So, when in EMERGENCY mode, you can use DBCC CHECKDB to bring the database back online again. The only repair option allowed in EMERGENCY mode is REPAIR_ALLOW_DATA_LOSS and it does a lot more than usual:

  • Forces recovery to run on the transaction log (if it exists). You can think of this as 'recovery with CONTINUE_AFTER_ERROR' - see this post for more details on the real CONTINUE_AFTER_ERROR option for BACKUP and RESTORE. The idea behind this is that the database is already inconsistent because either the transaction log is corrupt or something in the database is corrupt in such a way that recovery cannot complete. So, given that the database is inconsistent and we're about to rebuild the transaction log, it makes sense to salvage as much transactional information as possible from the log before we throw it away and build a new one.
  • Rebuild the transaction log - but only if the transaction log is corrupt.
  • Run DBCC CHECKDB with the REPAIR_ALLOW_DATA_LOSS option.
  • Set the database state to ONLINE.

It's a one-way operation and can't be rolled back. I always advise taking a copy of the database files before doing this in case something goes wrong or there are unrepairable errors. And if it does? Probably time to update your resume for not having a water-tight backup and disaster-recovery strategies in place. Saying that, I've never seen it fail. I can think of some pathalogical cases where it would fail though (involving the file system itself having problems) but that's really unlikely.

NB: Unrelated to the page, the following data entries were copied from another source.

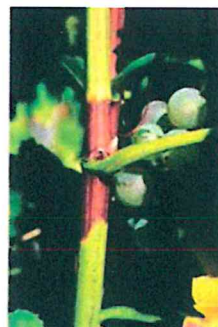
Egyenetlen fásodás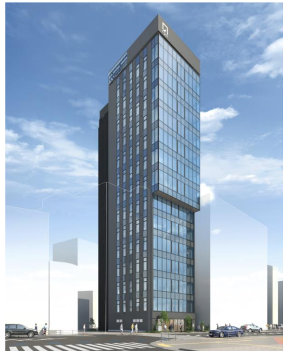
(仮称)S-GATE FIT 天神南 外観 (イメージ)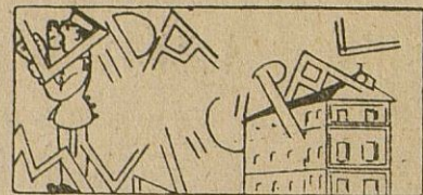
El concurso de casas y fachadas en el barrio de la Soledad.

Recordamos a los contribuyentes: que hasta el día 5 del venidero mes de Junio se paga el segundo trimestre del Repartimiento, y hasta el 10 del mismo mes el segundo trimestre también de las contribuciones al Estado.-Ya están en Cabra los cuatro pararrayos que se van a instalar en el Santuario de Nuestra Patrona.-Otras va- - - - rias noticias. - - -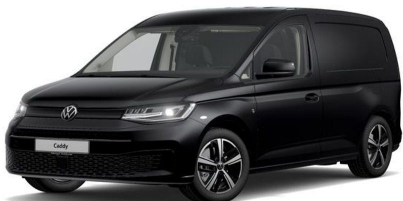
Deep Black (2T2T) Perleeffekt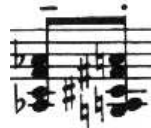
Figure 7: C. Debussy, Études , Pour les accords , Ed. Durand

Let's walk-through an example of using it. I'm assuming there's a database called emergencydemo that's in the same state as at the end of the Search Engine Q&A #4 blog post - the database has no log file, is in EMERGENCY mode and the salaries table is corrupt.

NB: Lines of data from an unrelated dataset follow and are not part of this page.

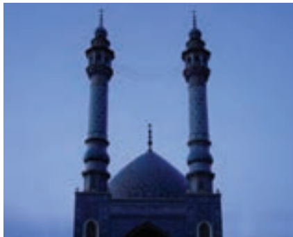
شکل ۶-۵- مسجد اعظم

در استان قم مساجد بزرگی وجود دارد که مهم‌ترین آنها عبارت است از: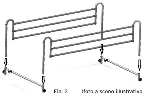
Fig. 2 (foto a scopo illustrativo)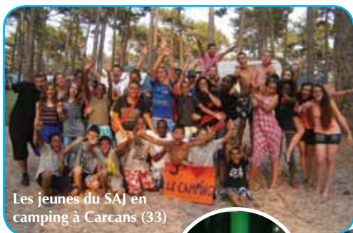
Les jeunes du SAJ en camping à Carcans (33)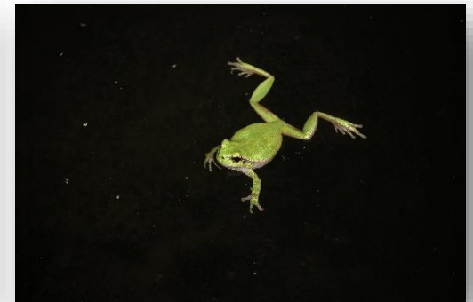
Hyla savignyi – Δενδρόβιος βάτραχος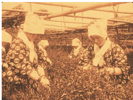
画像 3 『To the Sunny East』 動画：1:15~1:46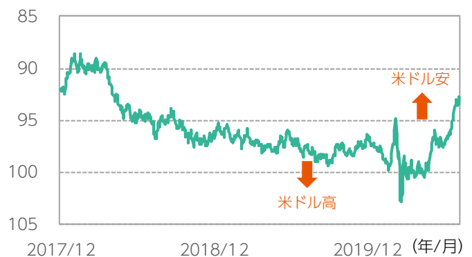
図表3：足元では主要通貨に対し米ドル安傾向

データ期間：2017年12月29日～2020年8月7日（日次） ※米ドルインデックス（ユーロ・円・ポンドなど複数の主要国通貨に対する米ドルの価値を指数化したもの）の推移（逆目盛り）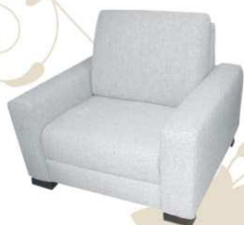
BROAD Poltrona attesa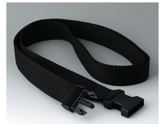
B7110149 Gurtband schwarz 1500x30mm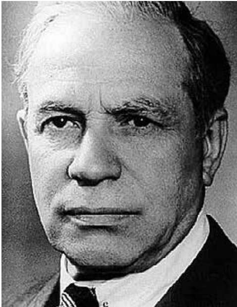
Maxim Zetkin (1883–1965)

In den 40 Jahren ihres Bestehens vermochte die DDR ein grundsätzlich anderes Gesundheitswesen aufzubauen. Obwohl sie stets aus einer wirtschaftlich stark benachteiligten Position heraus handeln mußte, konnte die DDR beeindruckende Erfolge auf dem Ge-

First off I'll try bringing the database online, just to see what happens:

ALTER DATABASE emergencydemo SET ONLINE;

GO

File activation failure. The physical file name "C:\Program Files\Microsoft SQL Server\MSSQL.1\MSSQL\DATA\emergencydemo_log.LDF" may be incorrect.

The log cannot be rebuilt because the database was not cleanly shut down.

Msg 945, Level 14, State 2, Line 1

Database 'emergencydemo' cannot be opened due to inaccessible files or insufficient memory or disk space. See the SQL Server errorlog for details.

Failed to restart the current database. The current database is switched to master.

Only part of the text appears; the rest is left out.